- Pitcher
- Born: June 13, 1996 (age 30) Sioux City, Iowa, U.S.
- Bats: LeftThrows: Left
- Stats at Baseball Reference

= Daniel Tillo =

American baseball player (born 1996)

Daniel Vincent Tillo (born June 13, 1996) is an American former professional baseball pitcher.

Tillo was drafted by the Kansas City Royals in the third round of the 2017 Major League Baseball draft. He spent time on the team's 40-man roster, but never played in MLB.

==Amateur career==
Tillo attended Sioux City North High School in Sioux City, Iowa, where he played football, basketball, and baseball. As a junior in 2014, he pitched to a 6-0 record and a 0.98 ERA. Following his senior basketball season in 2015, he was named Iowa Mr. Basketball after averaging 24.5 point, 9.0 rebounds, and 4.4 assists per game. During his senior baseball season, he went 5-1 with a 3.08 ERA while batting .369. Due to being uncertain on whether he wanted to pursue basketball or baseball at the collegiate level, he did not commit to a college for either sport until June of his senior year, when he ultimately decided to play college baseball at the University of Kentucky. After his senior year, he was drafted by the Minnesota Twins in the 39th round of the 2015 Major League Baseball (MLB) draft.

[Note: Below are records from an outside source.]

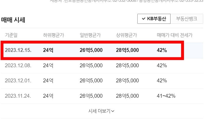 - 아래엔 하한가/ 상한가 및 매매가 대비 전세가도 확인 가능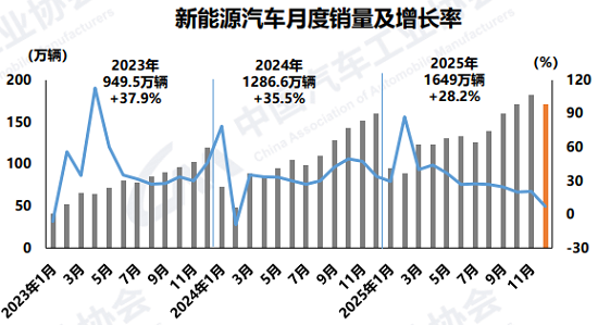 2025年9月,工信部等八部门聚拢发布《汽车行业稳增长使命有筹算(2025—2026年)》提倡,2025年力图达周至年汽车销量3230万辆阁下,同比增长约3%;其中新能源汽车销量1550万辆阁下,同比增长约20%。如今,这一销量办法得以高质料完成。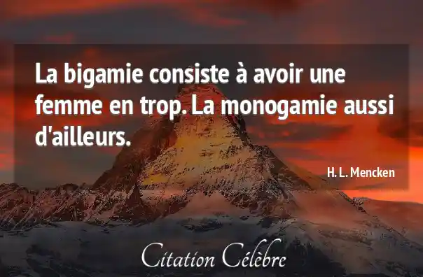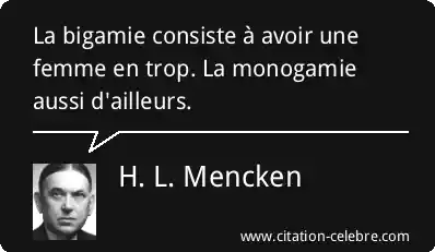La bigamie consiste à avoir une femme en trop. La monogamie aussi d'ailleurs.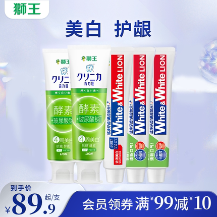LION狮王牙膏多效护理牙膏5支装共600g,真正的亮白“膏”手,权威机构多方位验证,功效真实有效,实现酵素专研口腔护理。目前天猫商城狮王口腔护理旗舰店售价¥89.9,可使用¥50优惠券,实付¥39.9包邮。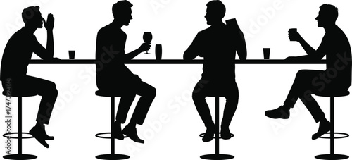 Silhouettes of young people socializing, having fun, and enjoying drinks together, perfect for representing friendship, celebration, and social gatherings
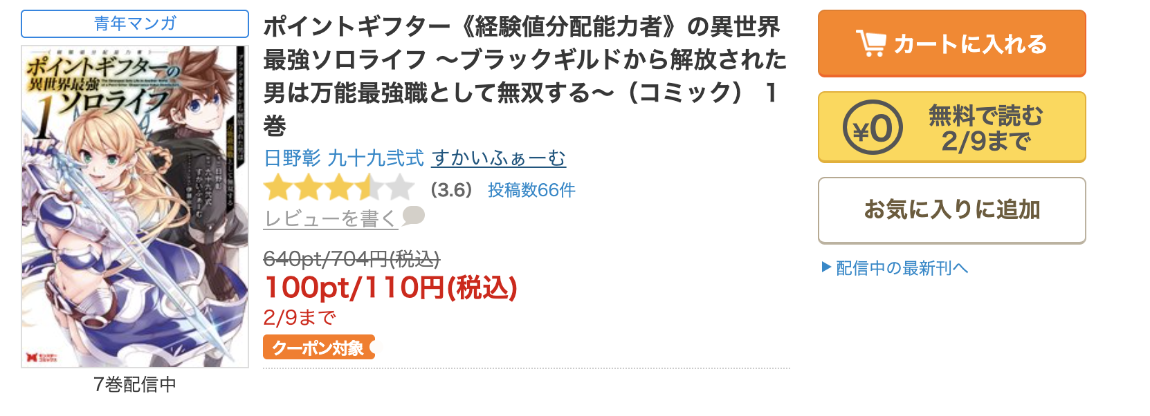 以上の手順で、漫画《ポイントギフター《経験値分配能力者》の異世界最強ソロライフ ~ブラックギルドから解放された男は万能最強職として無双する~》を安く読むことができます。
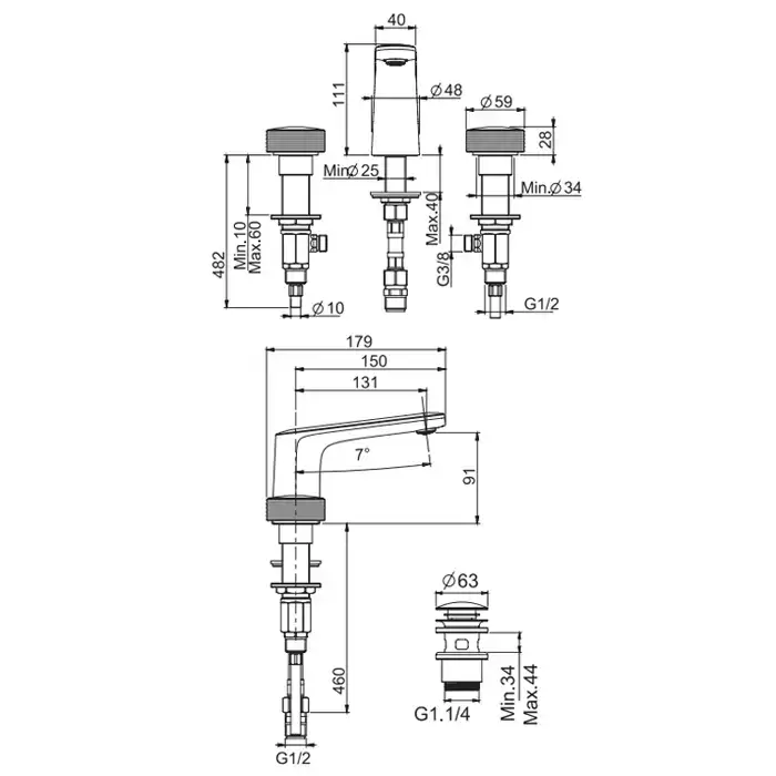 Carlo Frattini Texture Collection Смеситель для раковины на 3 отверстия, цвет: хром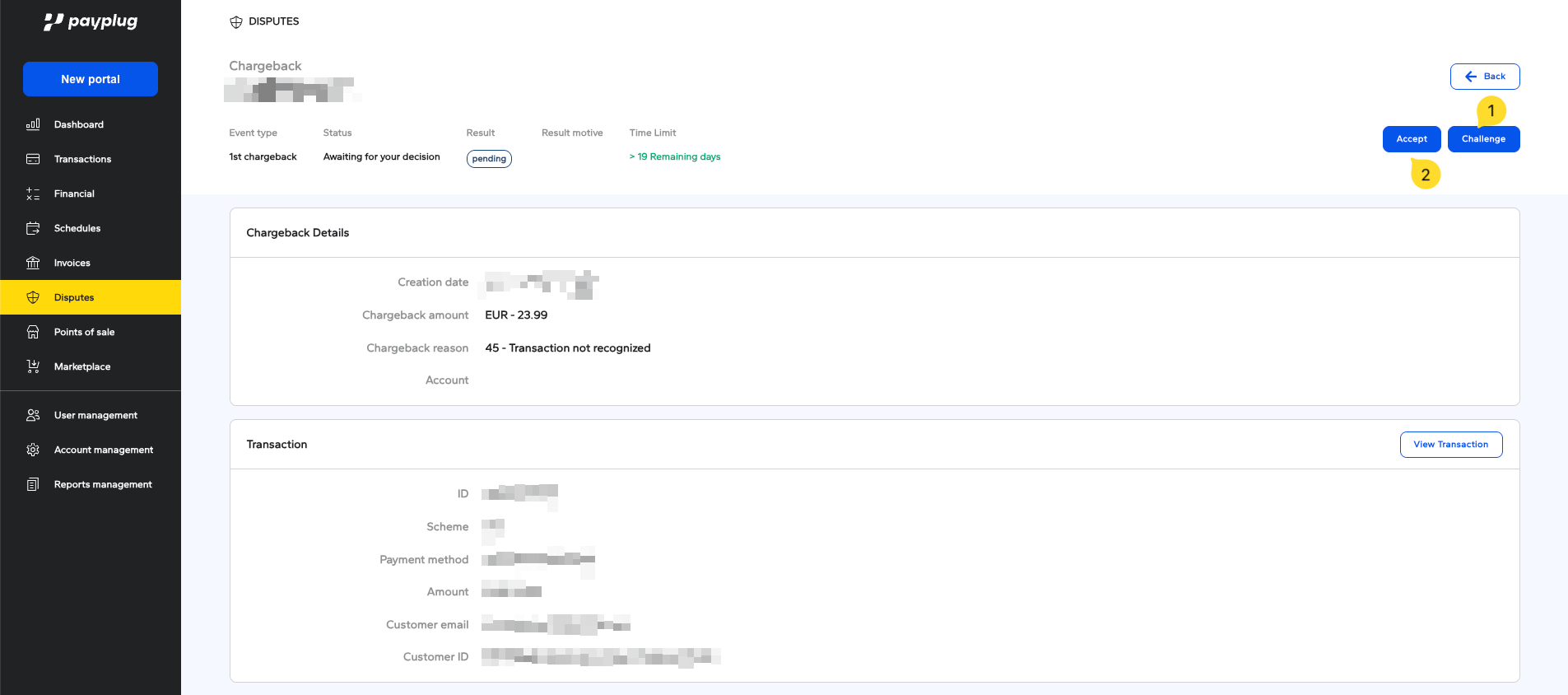 Once the file is open, a "Challenge" button allows you to add the necessary documents and a comment to accompany your challenge request. If you click "Accept," you are agreeing to the dispute, and the refund to the customer will be processed. Associated fees from your Payplug contract will be charged in addition to the total amount.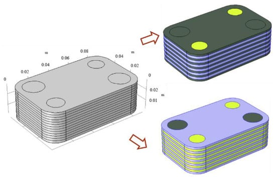 - Du, J.; Zhao, H. Numerical simulation of a plate-fin heat exchanger with offset fins using porous media approach. Heat Mass Transfer 2018, 54, 745–755. [Google Scholar] [CrossRef]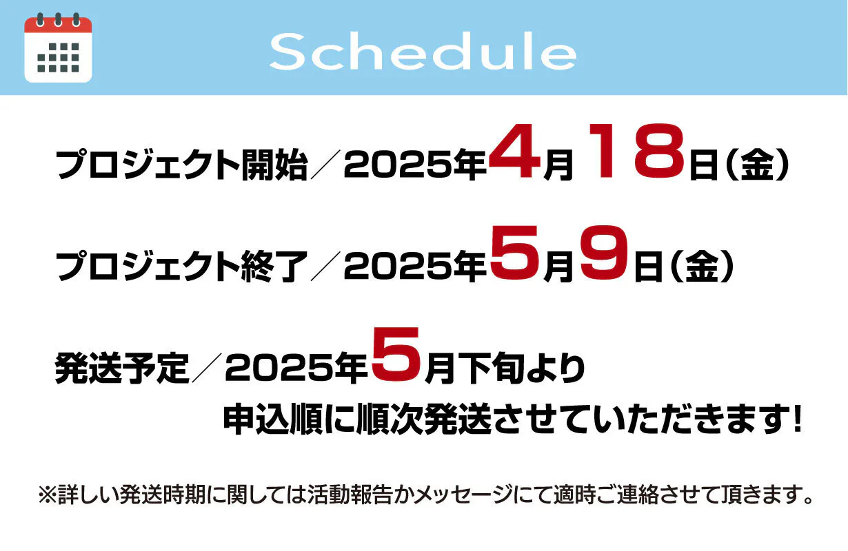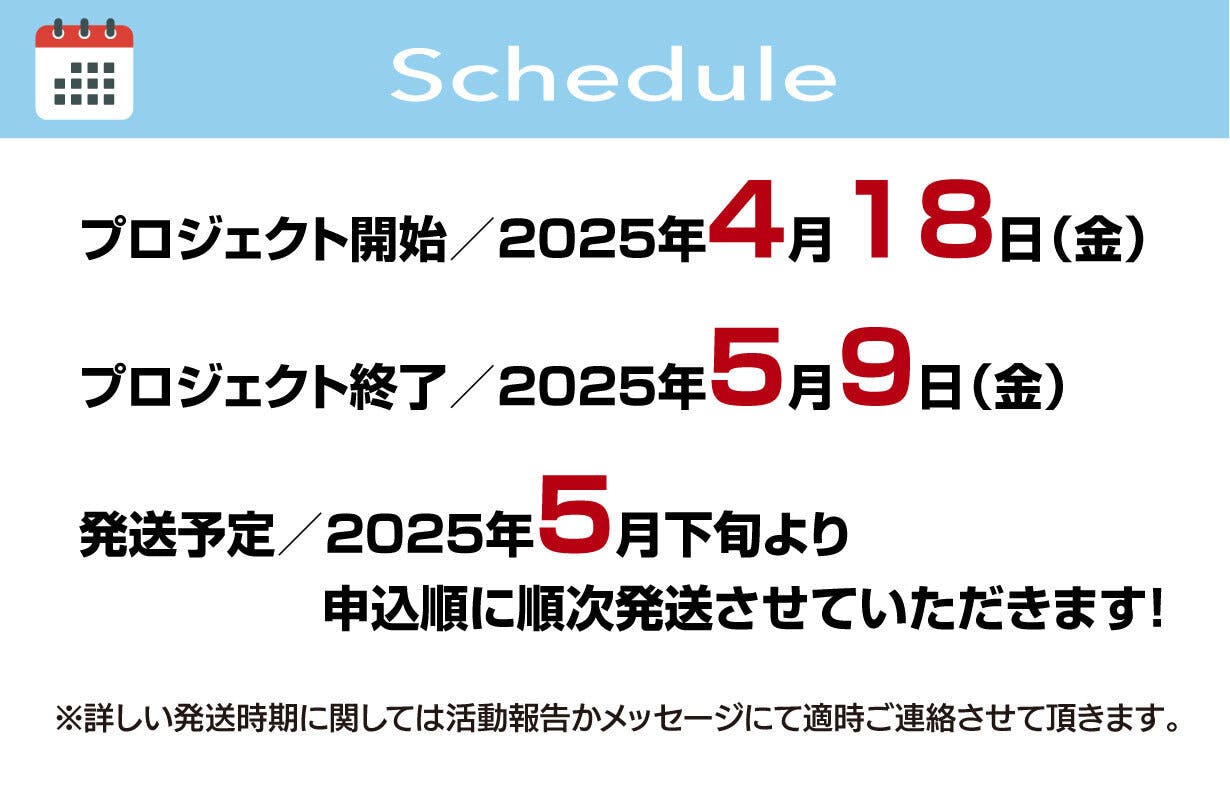 ・本文中に記載させていただいたスケジュールは、あくまでプロジェクト公開時点の予定です。 ご支援の性質上、配送遅延のおそれがございます。

Tillo chose to honor his commitment to Kentucky, and not sign with the Twins. In 2016, his freshman year, he pitched only 7 1/3 innings. Following the year, he transferred to Iowa Western Community College in order to be closer to home and to transition back into a starting pitcher. In 2017, his sophomore year and first year at Iowa Western, he went 5-1 with a 2.86 ERA, striking out 57 over 44 innings and nine games (five starts). After the season, he was drafted by the Kansas City Royals in the third round of the 2017 Major League Baseball draft.

==Professional career==
===Kansas City Royals===
Tillo signed with the Royals and made his professional debut with the Rookie-level Arizona League Royals before being promoted to the Burlington Royals of the Rookie-level Appalachian League. Over ten games (nine starts) between the two clubs, he pitched to a 3-2 record with a 4.42 ERA over 36 2/3 innings. In 2018, he began the season with the Lexington Legends of the Single–A South Atlantic League before being promoted to the Wilmington Blue Rocks of the High–A Carolina League. Starting 26 total games between the two teams, Tillo went 4-6 with a 4.76 ERA, striking out 100 over 134 1/3 innings.

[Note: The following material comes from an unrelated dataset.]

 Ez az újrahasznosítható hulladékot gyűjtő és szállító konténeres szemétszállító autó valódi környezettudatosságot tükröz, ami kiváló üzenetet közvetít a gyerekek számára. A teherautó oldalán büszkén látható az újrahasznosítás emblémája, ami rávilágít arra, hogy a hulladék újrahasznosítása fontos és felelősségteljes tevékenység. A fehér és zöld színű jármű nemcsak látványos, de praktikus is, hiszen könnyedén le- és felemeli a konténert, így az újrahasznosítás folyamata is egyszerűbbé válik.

Tillo began the 2019 season back with Wilmington, and was promoted to the Northwest Arkansas Naturals of the Double–A Texas League in July, finishing the season there. Over 29 games (23 starts) for the season, he compiled an 8-9 record with a 3.72 ERA, striking out 85 over 130 2/3 innings. Following the season, he pitched in the Arizona Fall League for the Surprise Saguaros. On October 10, he was selected for the United States national baseball team in the 2019 WBSC Premier 12. In the tournament, he pitched to a 2.08 ERA in three relief appearances covering 4 1/3 innings in which he struck out eight batters.

Tillo did not play a minor league game in 2020 due to the cancellation of the minor league season caused by the COVID-19 pandemic. In July, he underwent Tommy John surgery. On November 20, 2020, he was added to the 40-man roster. On May 3, 2021, Tillo was placed on the 60-day injured list as he continued to recover. He was activated in late June and began rehabbing. On August 9, his rehab ended and he was assigned to Northwest Arkansas. He pitched 29 innings in which he went 0-3 with a 4.03 ERA and 27 strikeouts.

On April 7, 2022, Tillo was designated for assignment by the Royals to make room on the 40-man roster for Bobby Witt Jr. Tillo was released by the Royals organization on April 14. Tillo had not appeared in a major league game at the time of his release.

===San Francisco Giants===
On April 17, 2022, Tillo signed a minor league contract with the San Francisco Giants. He was assigned to the Sacramento River Cats of the Triple-A Pacific Coast League. Tillo did not immediately appear for Sacramento due to an undisclosed injury, and began a rehab assignment with the rookie–level Arizona Complex League Giants on July 21. He was activated from the injured list on August 23 and assigned to the High–A Eugene Emeralds. Following a short stint with Eugene, Tillo would make 9 appearances split between the Double–A Richmond Flying Squirrels and Sacramento to close out the year.

Tillo returned to Triple–A Sacramento to begin the 2023 season. In 17 appearances (4 starts), he struggled to a 1–6 and 9.59 ERA with 17 strikeouts in 25 1/3 innings pitched. He was released by the Giants organization on June 11, 2023.

==Personal life==
Tillo is an avid baseball card collector and collects rare cards of himself.